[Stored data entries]
● ● ● ● ●

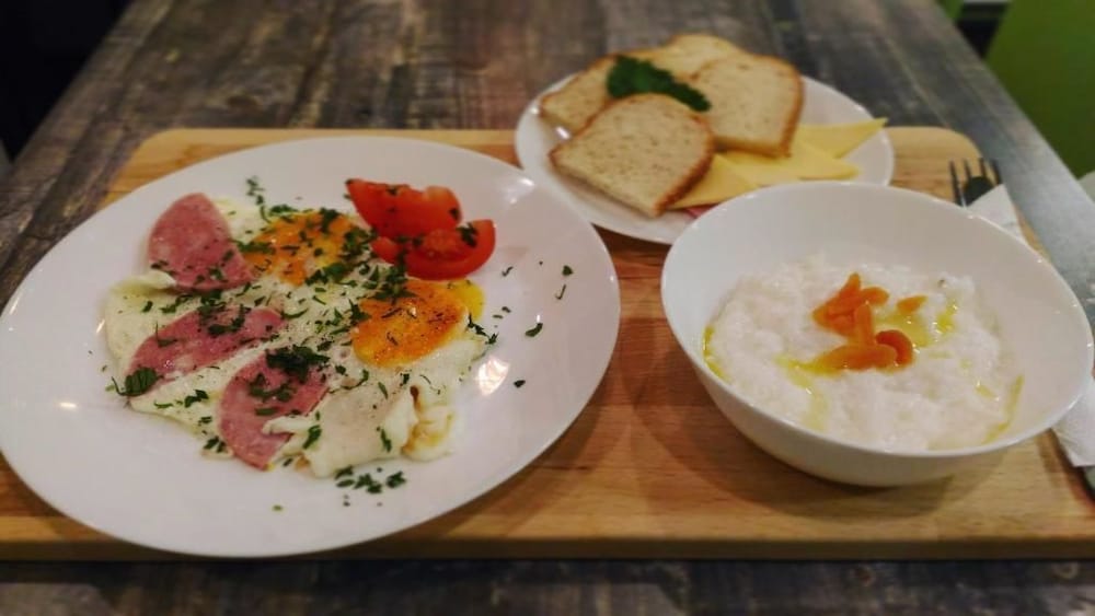 7am前の到着で、フロントには、ロシア語しかできない叔父さんがいた。親切に部屋を用意してくれて、となりのレストランで朝食も出してくれた。
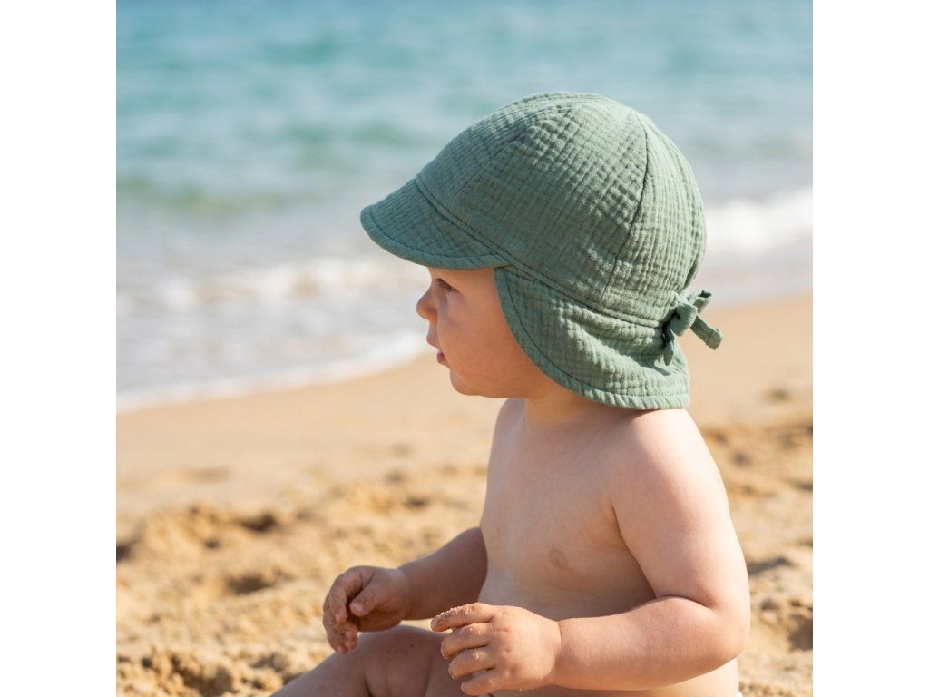 Lehký dětský mušelínový klobouček ochrání před sluncem a zajistí maximální pohodlí během teplých dnů. Jemná přírodní bavlna je šetrná k citlivé dětské pokožce a prodloužená zadní část chrání krk před slunečními paprsky. Stylový, pohodlný a udržitelný doplněk pro každý letní den. ☀️
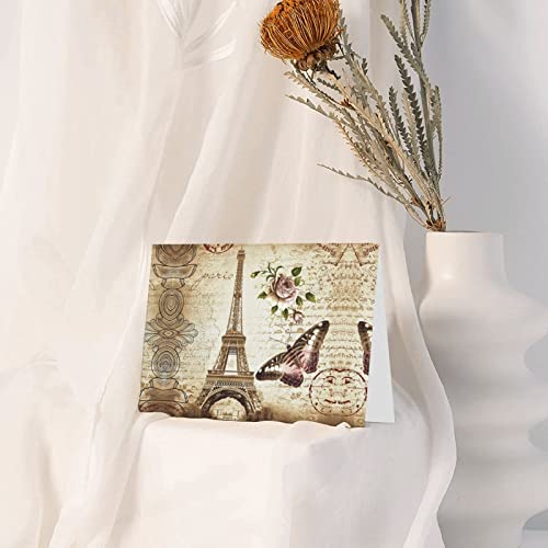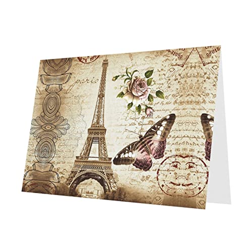 DMORJ Biglietto di auguri in carta perlata di alta qualità con farfalla con torre Eiffel di Parigi, per biglietto di compleanno, biglietto di San Valentino, di qualità
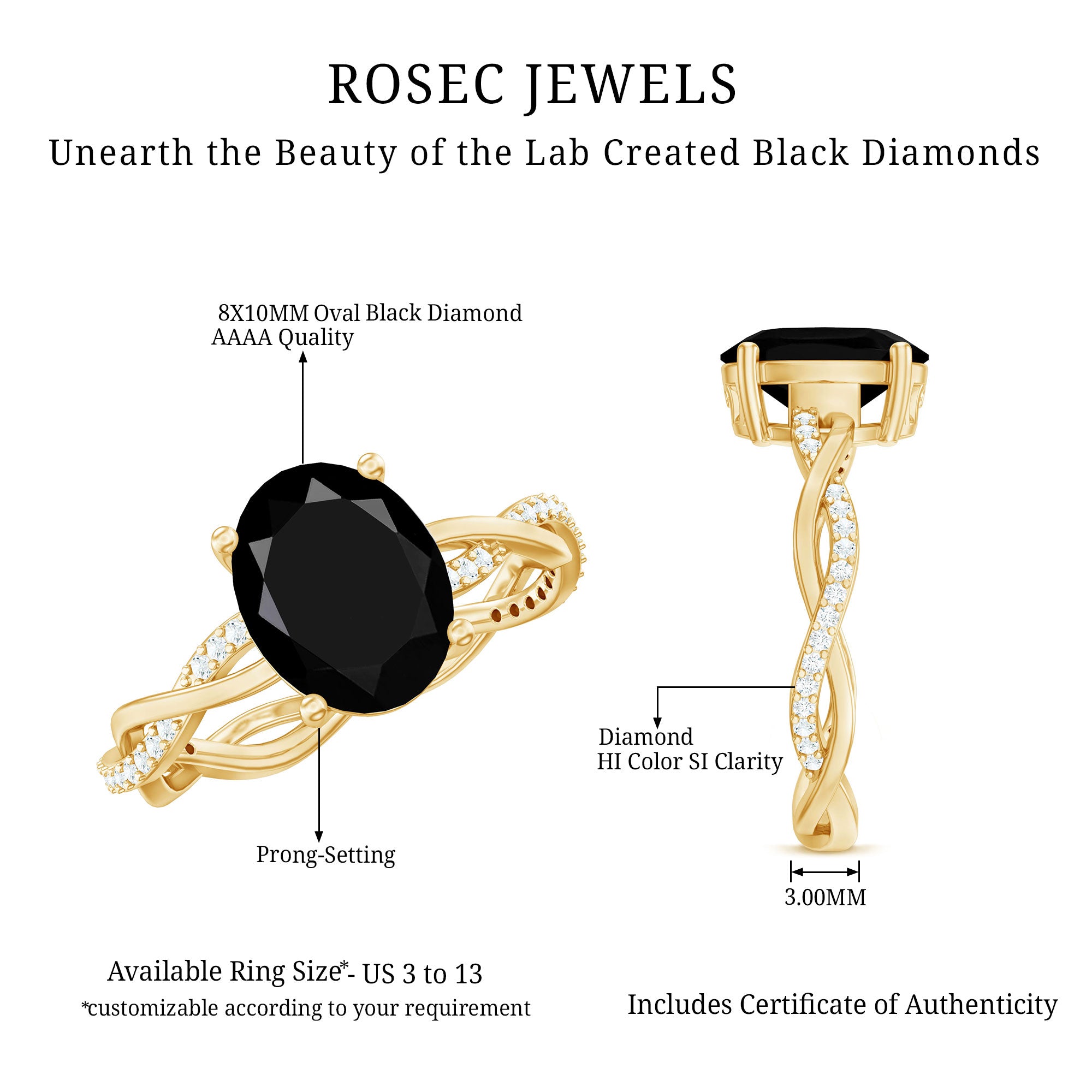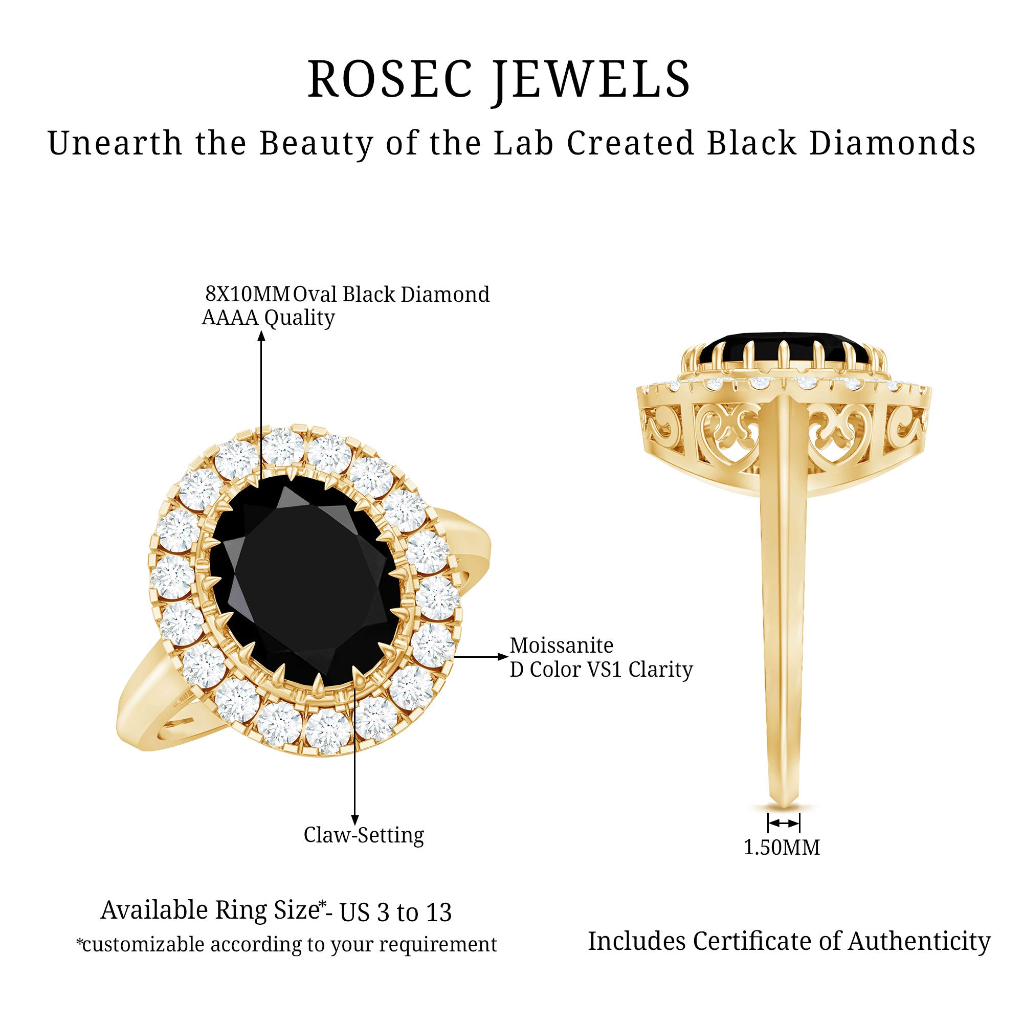 Black diamonds symbolize strength, resilience, and power. Your lab black diamond engagement ring reflects your unbreakable connection with your partner. This strong bond comes with the resilience to face life challenges together. Like the gemstone, your love is bold, rare, and enduring, ready to withstand every pressure.
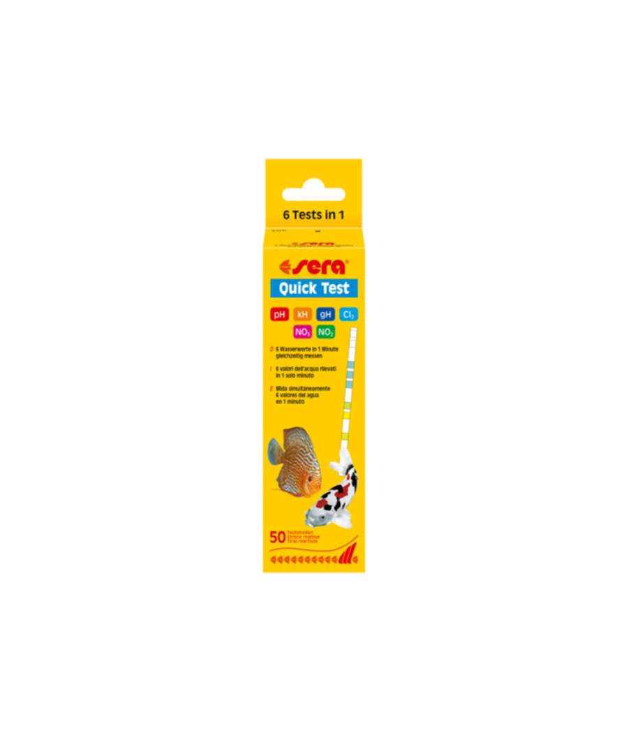 Controlo de rotina ou prova de segurança: com o Quick Test, sera oferece a ótima possibilidade de verificar os parâmetros mais importantes da água (valor do pH, dureza de carbonatos, dureza total, nitrato, nitrito e cloro), rapidamente e sem problemas, só com uma tira reativa.
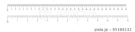 Horizontal scale with 12 inch and 30 centimeter markup and numbers. Measuring charts of metric and imperial unit. Distance, height or length measurement tool templates
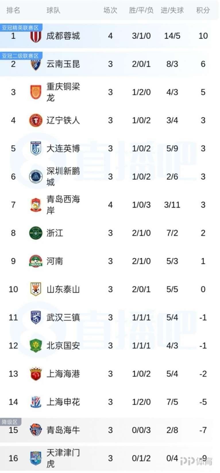 中超积分榜:蓉城3胜1平先赛4分领跑 西海岸暂第7
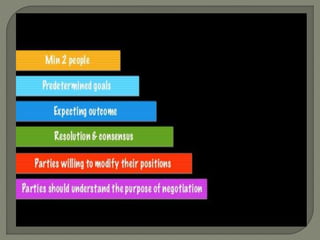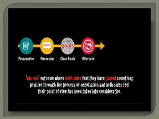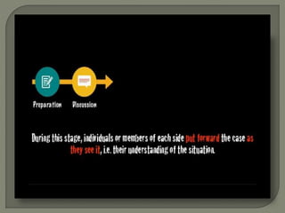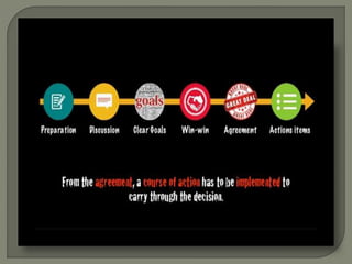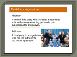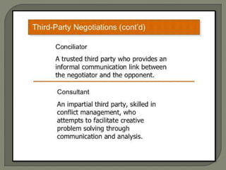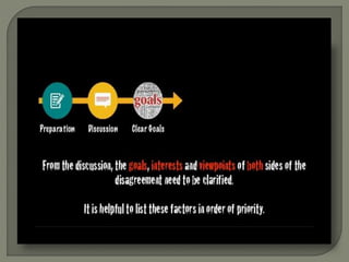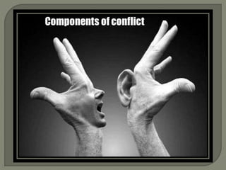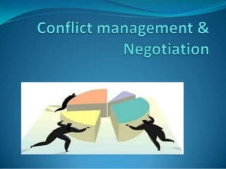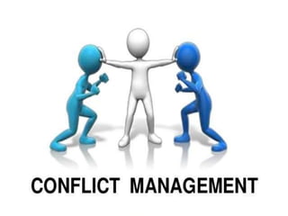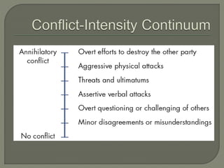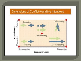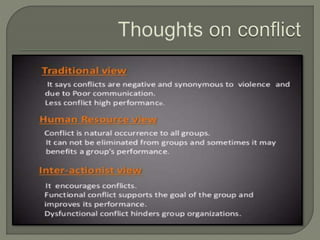 The document discusses conflict in groups and its management. It defines different types of conflict including functional and dysfunctional conflict. Functional conflict supports group goals and performance, while dysfunctional hinders it. The document also outlines various causes of conflict including communication issues, group structure problems, and personal variables. It then discusses five approaches to conflict - competing, collaborating, avoiding, accommodating, and compromising. Finally, it notes potential functional and dysfunctional outcomes of conflict and how to create functional conflict to improve group performance and decision making.
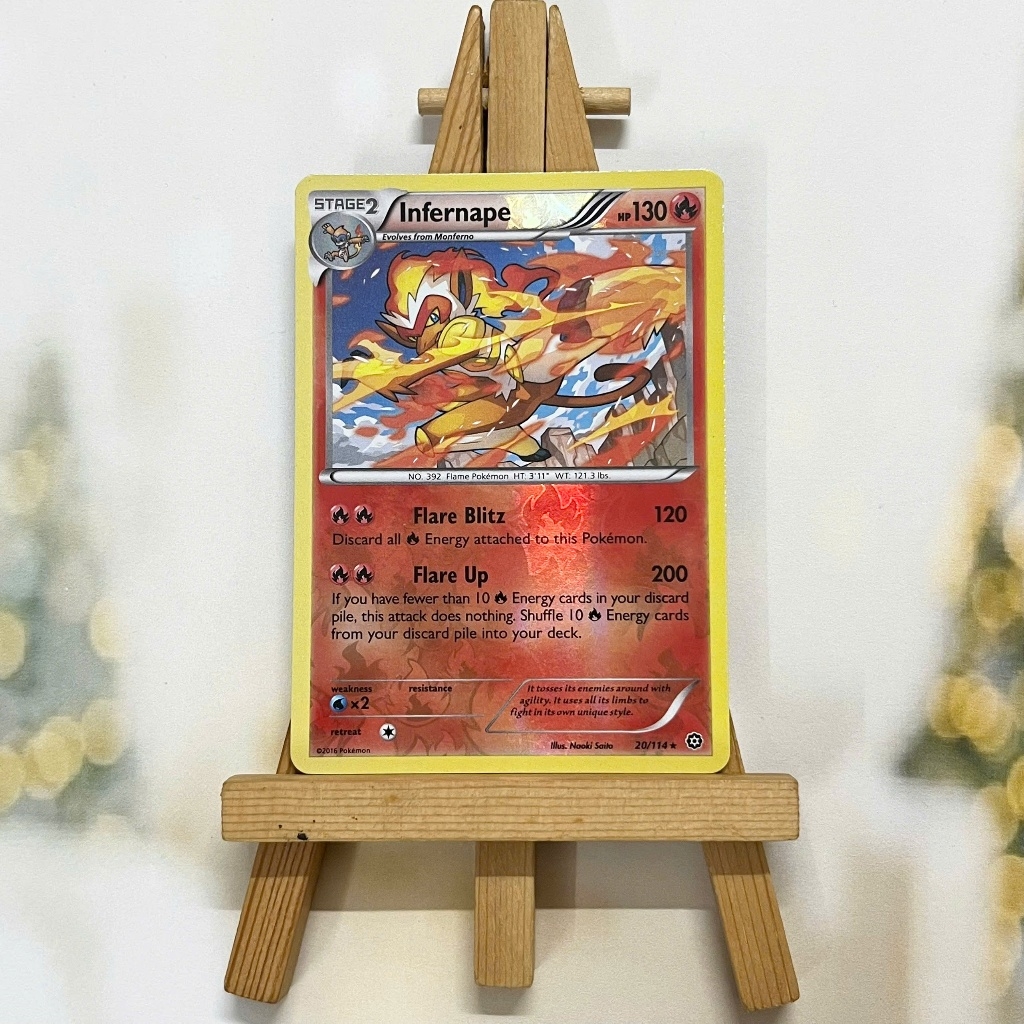 Thẻ hình Pokemon Infernape 20/114 - Lá bài lẻ XY: Steam Siege Rare Reverse Holo tiếng Anh chính hãng Nintendo - Nhập khẩu Hoa Kỳ USA ➖➖➖➖➖➖ Sản phẩm chính hãng TCG, được sản xuất bởi The Pokémon Company, nên quý khách có thể yên tâm về chất lượng và độ độc đáo của từng thẻ bài. Chúng tôi cam kết chỉ bán hàng chính hãng và nói không với hàng nhái, hàng giả mạo. Mỗi thẻ bài đều ở trong tình trạng NM-M và sẽ là một phần không thể thiếu cho bộ sưu tập của bạn, giúp bạn có những trải nghiệm thú vị và phong phú. Chất liệu chính của thẻ bài là giấy cao cấp, đảm bảo độ bền và màu sắc sống động, chi tiết. Dòng sản phẩm: TCG Hãng sản xuất: The Pokémon Company Chất liệu: Giấy Kích thước thẻ bài: 6,3×8,8cm ➖➖➖➖➖➖ Thông Báo Hướng Dẫn Bảo Quản và Kiểm Tra Sản Phẩm Thẻ Bài: ✅ Quay Video Khi Mở Kiện: Để đảm bảo quyền lợi, khi nhận sản phẩm, vui lòng quay video quá trình mở kiện. Video này sẽ là bằng chứng đối chiếu quý giá, giúp chúng tôi nhanh chóng giải quyết mọi vấn đề và thắc mắc của bạn. ✅ Mọi sản phẩm như Gói thẻ bài (Pack lẻ), Booster Box, Bộ bài nguyên hộp phải còn nguyên niêm phong và bao bì. Chỉ những sản phẩm còn giữ nguyên vẹn mới được chấp nhận đổi trả hoàn tiền. ✅ Các lá bài chính hãng có thể bị cong khi tiếp xúc với không khí. Đây là hiện tượng bình thường, bạn có thể khắc phục bằng cách sử dụng bọc bài, cất vào album, hoặc ép giữa quyển vở dày. ✅ Một số lá bài có thể xuất hiện các vết trầy xước nhỏ, nhưng không ảnh hưởng đến chất lượng và quá trình sử dụng của bạn. ✅ Chúng tôi không chịu trách nhiệm về nội dung bên trong các gói và hộp thẻ bài do đóng gói và niêm phong từ nhà sản xuất. Mọi thắc mắc và khiếu nại, vui lòng liên hệ trực tiếp với chúng tôi, ➖➖➖➖➖➖
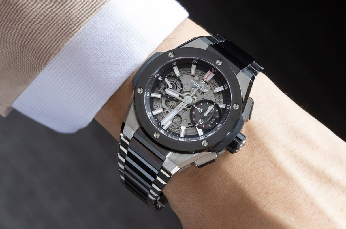 钛金属、陶瓷材质/HUB1280自动上链机芯/时、分、小秒、日期显示/计时码表功能/蓝宝石水晶镜面、透明底盖/防水100米/表径42mm/参考价:NT$ 749,000
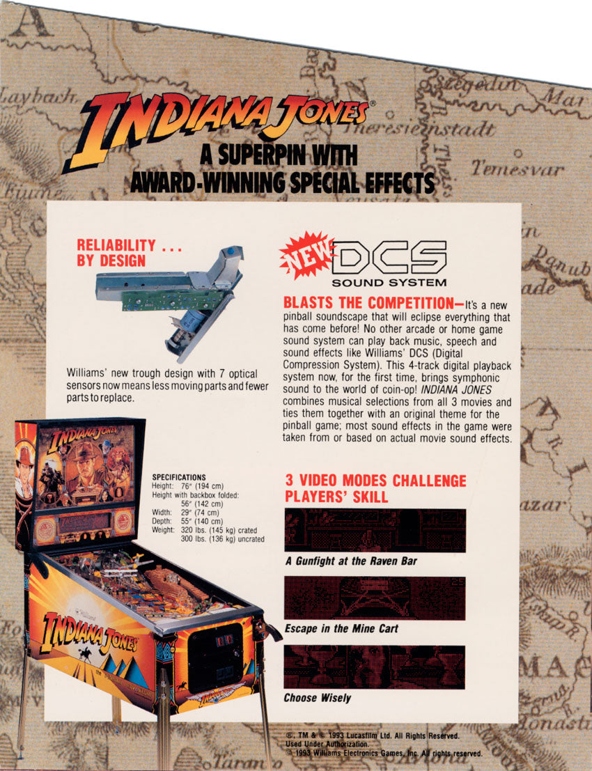 Inspiré de l’univers culte d’Indiana Jones, ce flipper est considéré comme l’un des modèles les plus complets jamais créés par Williams, avec un gameplay riche, des missions variées et des éléments mécaniques iconiques comme le Path of Adventure.
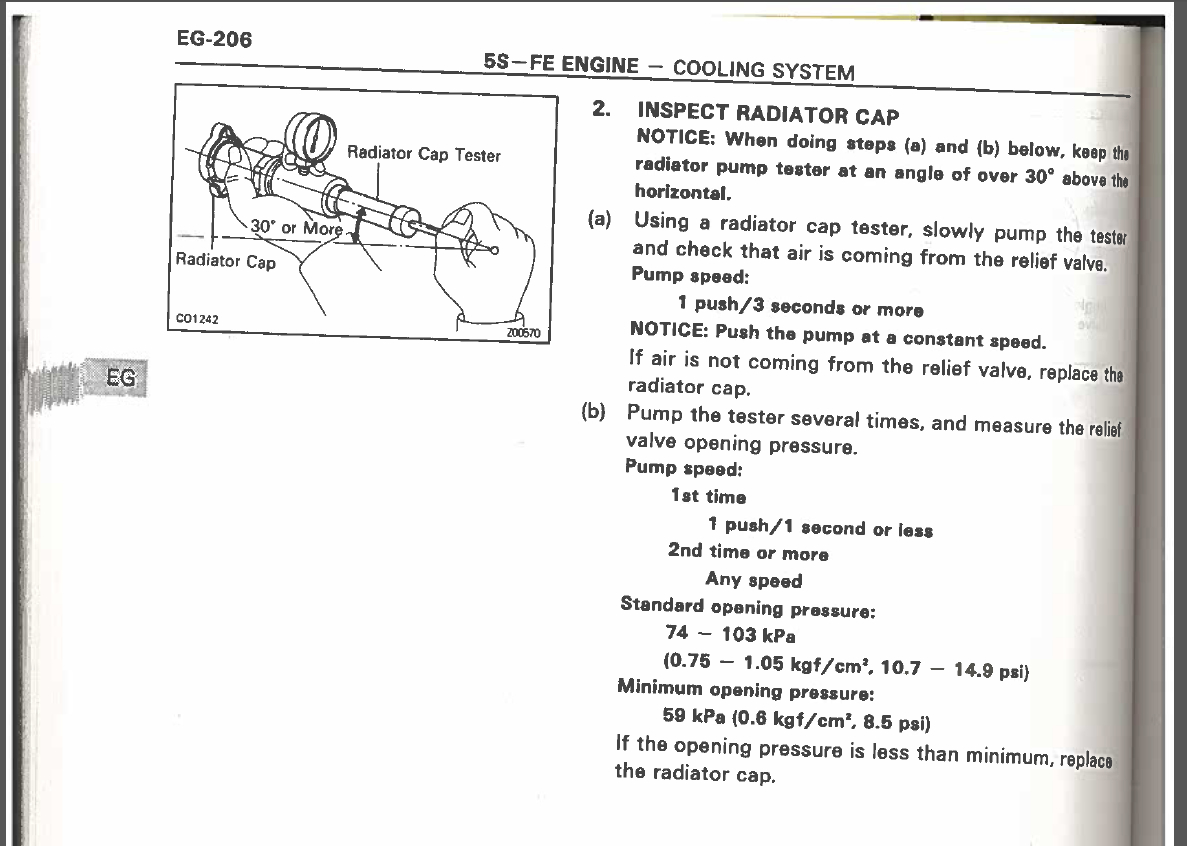 I pressure tested my cooling system it was perfectly fine. I got and tested several caps both new and used, and pressure tested them according to the OEM repair manual. Strangely, several OEM Toyota

● ● ● ● ●

## PROBLEM TO WORK ON
Output only the lines above from the line that holds "中超积分榜:蓉城3胜1平先赛4分领跑 西海岸暂第7" through the line that holds "The document discusses", both ends included, and exclude pictures.

## EXERCISE OUTPUT
 中超积分榜:蓉城3胜1平先赛4分领跑 西海岸暂第7
 The document discusses conflict in groups and its management. It defines different types of conflict including functional and dysfunctional conflict. Functional conflict supports group goals and performance, while dysfunctional hinders it. The document also outlines various causes of conflict including communication issues, group structure problems, and personal variables. It then discusses five approaches to conflict - competing, collaborating, avoiding, accommodating, and compromising. Finally, it notes potential functional and dysfunctional outcomes of conflict and how to create functional conflict to improve group performance and decision making.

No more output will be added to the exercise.